Он действительно все понимал. Я был поражен.
Он продолжал:
— Эту страну до смерти запугали. Людям хочется верить, что придет человек с автоматом и вычистит всю грязь, которая накопилась. Так вот, скажу честно, я не собираюсь делать эту работу за правительство.
Я кивнул. То же самое я недавно сказал мистеру Манкузо.
— Фрэнк Беллароза работает только на Фрэнка Белларозу, больше ни на кого. Фрэнка Белларозу интересует только его семья и его друзья. Пусть никто не воображает, что я буду решать чужие проблемы. Да, я часть этих проблем, я это осознаю. У тебя другая точка зрения?
— Нет, точно такая же.
— Прекрасно. Значит, мы понимаем друг друга.
— Так куда же мы движемся?
— Бог его знает.
Я взял свою рюмку и пригубил ее. Вкус у граппы не стал лучше.
— Альфонс Феррагамо, во всяком случае, не считает тебя героем.
— Верно. Этот сукин сын имеет на меня большой зуб.
— Возможно, ты его чем-то не устраиваешь. Например, тем, что ты, как и он, — американец итальянского происхождения.
Беллароза снисходительно улыбнулся.
— Ты думаешь, дело в этом? Ошибаешься. Ты еще ничего не знаешь об итальянцах, друг мой. Причина в том, что Альфонс Феррагамо мстит. Это называется кровная месть. Вендетта.
— Но за что?
Он ответил не сразу.
— Я расскажу тебе, в чем тут дело. Однажды я выставил его в суде дураком. Не я сам, конечно. Мой адвокат. Но это значения не имеет. Это было семь-восемь лет назад. Феррагамо выступал в качестве государственного обвинителя на процессе по моему делу. Обвинение было таким слабеньким, что его ничего не стоило разрушить. Мой адвокат Джек Вейнштейн так издевался над обвинением, что даже присяжные падали со смеху. Альфонс был вне себя от злости. Я просил Вейнштейна не дразнить его, но он не послушался. Еще тогда я понял, что Феррагамо припомнит мне этот случай. Теперь этот мерзавец стал прокурором Южного района Нью-Йорка и мне придется либо уживаться с ним, либо сматываться.

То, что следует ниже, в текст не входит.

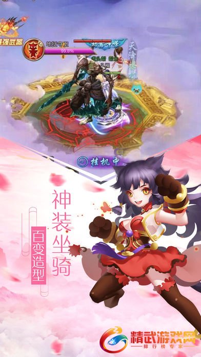 极品仙宠,上古坐骑,如影随形,幻化双飞!同时还能爲你的属性加成,战力不断升级。另有千万种精美时装随意搭配,炫彩羽翼,光环加持,彰显你的专属魅力!

— Понимаю. — Сказать по правде, я не верил объяснениям Фрэнка насчет причин мести Феррагамо. Скорее всего, этот прокурор был просто усердным служакой, только и всего. Посчитав, что на сегодня с меня достаточно впечатлений, я сказал: — Завтра мне рано вставать.
Беллароза не отреагировал на мой намек, он продолжал:
— Феррагамо не в состоянии накопать ничего против меня, поэтому он пустил через газеты слушок о том, что я убил этого колумбийского босса Хуана Карранцу.
Я вытаращил глаза от удивления.
— Не могу поверить, чтобы федеральный прокурор был способен на такие вещи. Сфабриковать дело!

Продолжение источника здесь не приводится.